▶ **What this task involves**:
Take the lines from the head of the listing through the one bearing "Horse Bit Bracelet" and copy them exactly, leaving every picture out.

▶ **Material provided**:
:::::
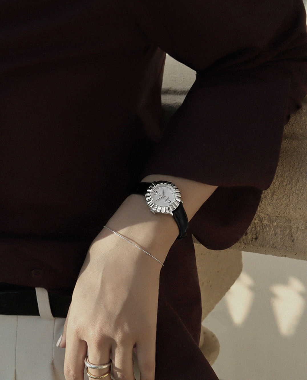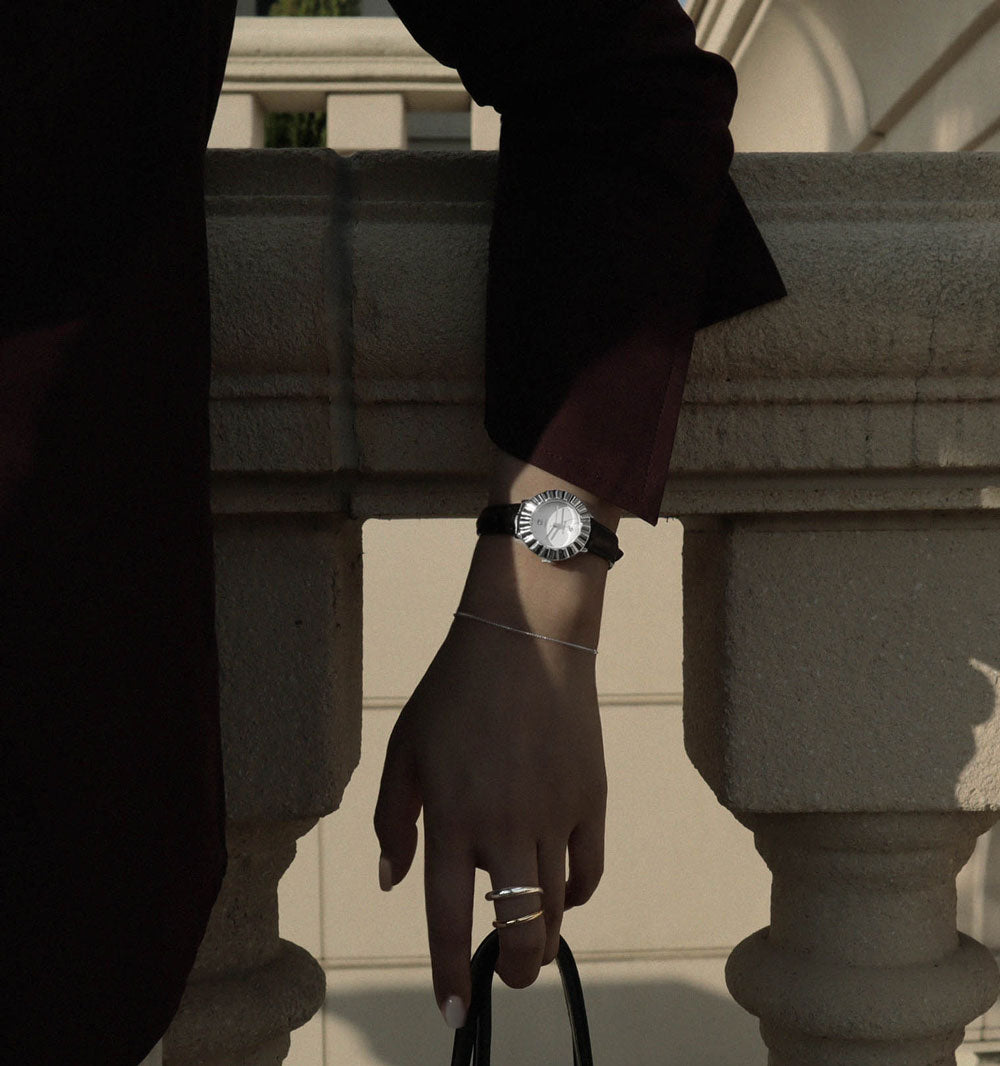 The RUMTTON BLOOM watch features Swarovski crystals on the dial and 20 wavy bezels for a luxurious look. The comfortable leather band and special design make the BLOOM watch a highly collectible item.
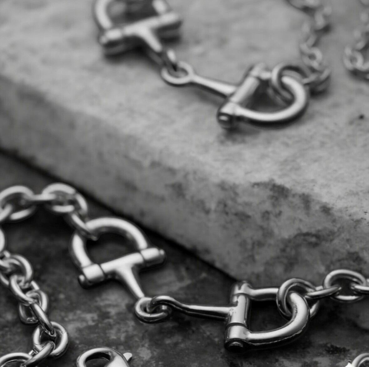 Horse Bit Bracelet シングルジョイントのビットにDリングのビットリングでまとめた洗練されたホースビットブレスレット。馬具本来の質実剛健な作りはしっかりと再現しつつも、スタイリッシュモダンに仕上げています。
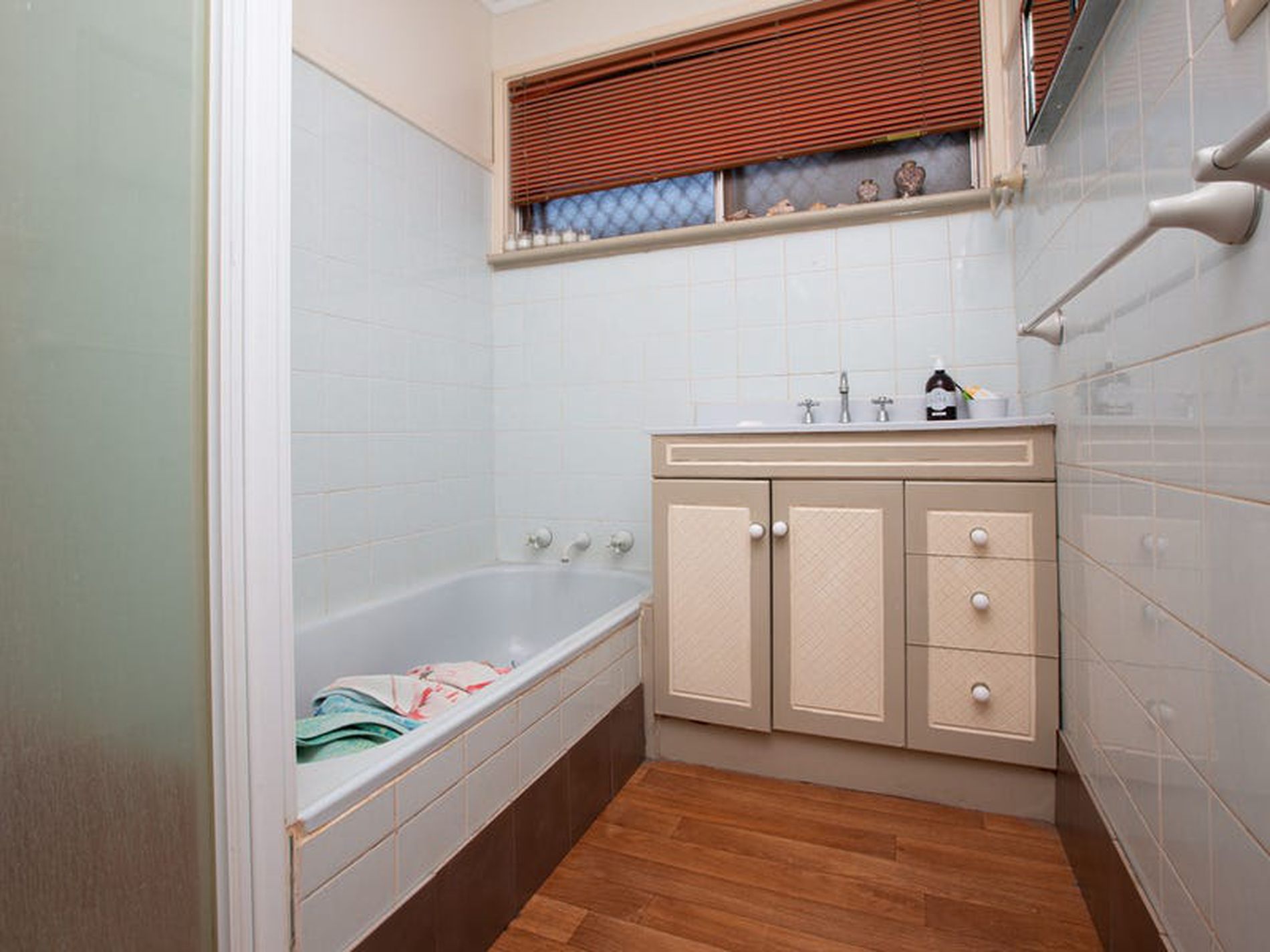 • Tiled bathroom with a tub
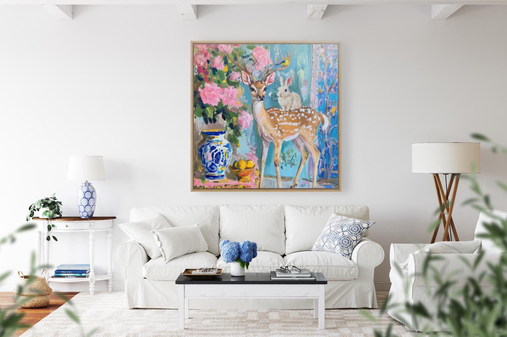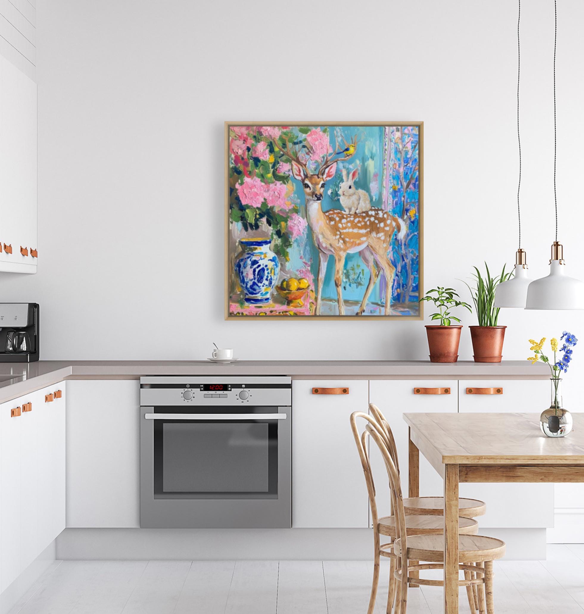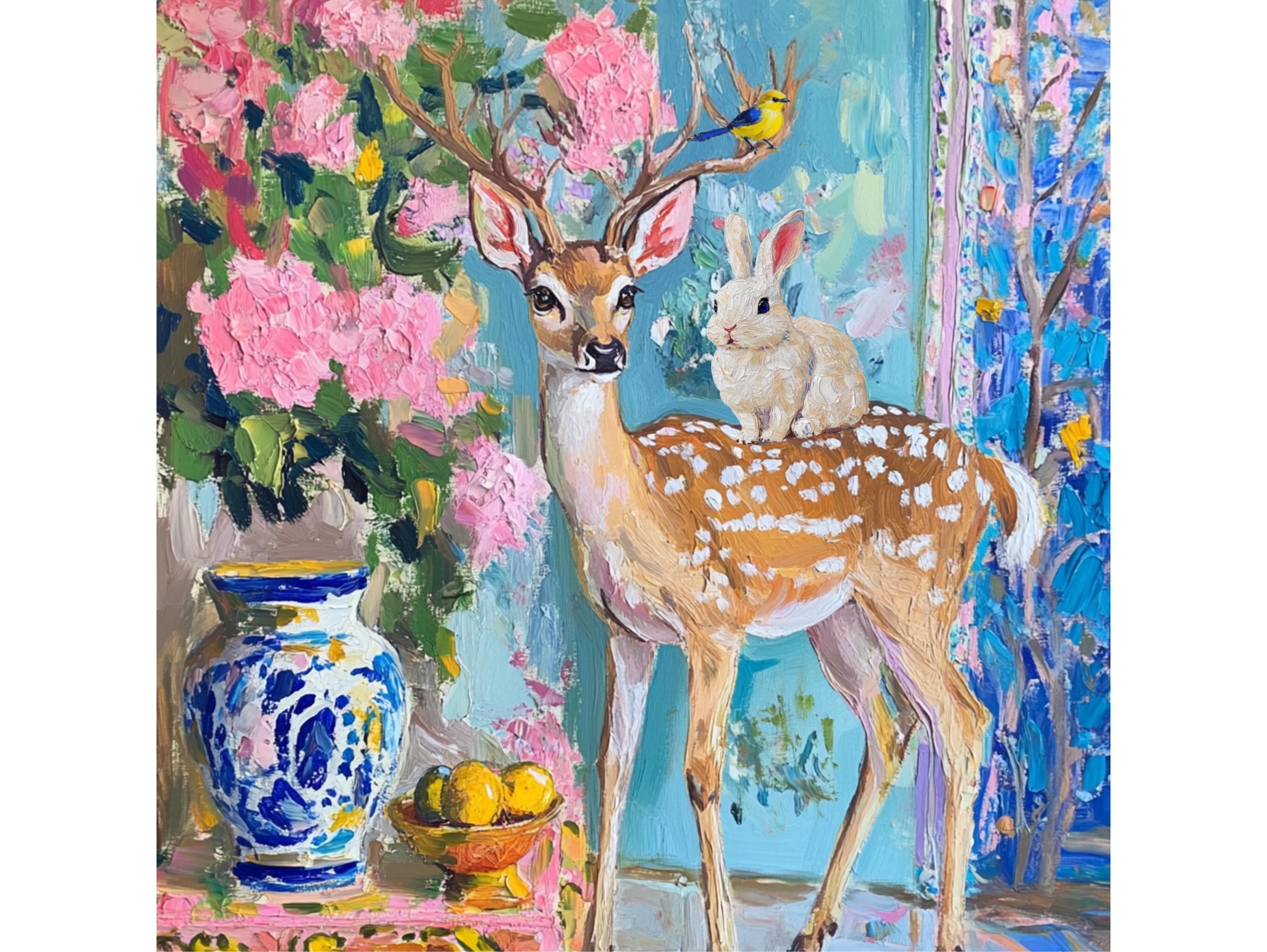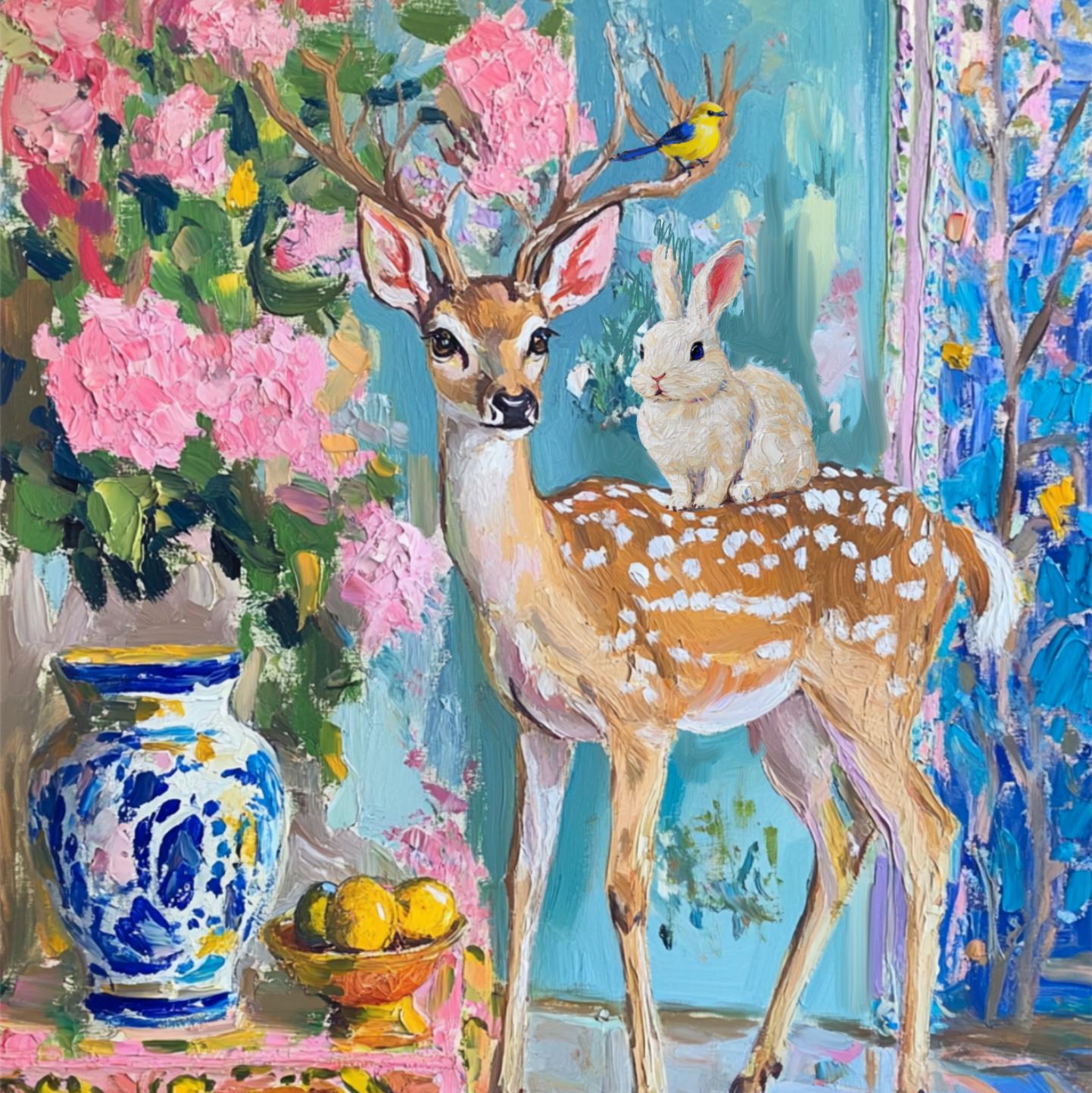 Grandmillennial art, A Free Ride Anyone? whimsical deer art
:::::
▶ **Solution to this exercise**:
 The RUMTTON BLOOM watch features Swarovski crystals on the dial and 20 wavy bezels for a luxurious look. The comfortable leather band and special design make the BLOOM watch a highly collectible item.
 Horse Bit Bracelet シングルジョイントのビットにDリングのビットリングでまとめた洗練されたホースビットブレスレット。馬具本来の質実剛健な作りはしっかりと再現しつつも、スタイリッシュモダンに仕上げています。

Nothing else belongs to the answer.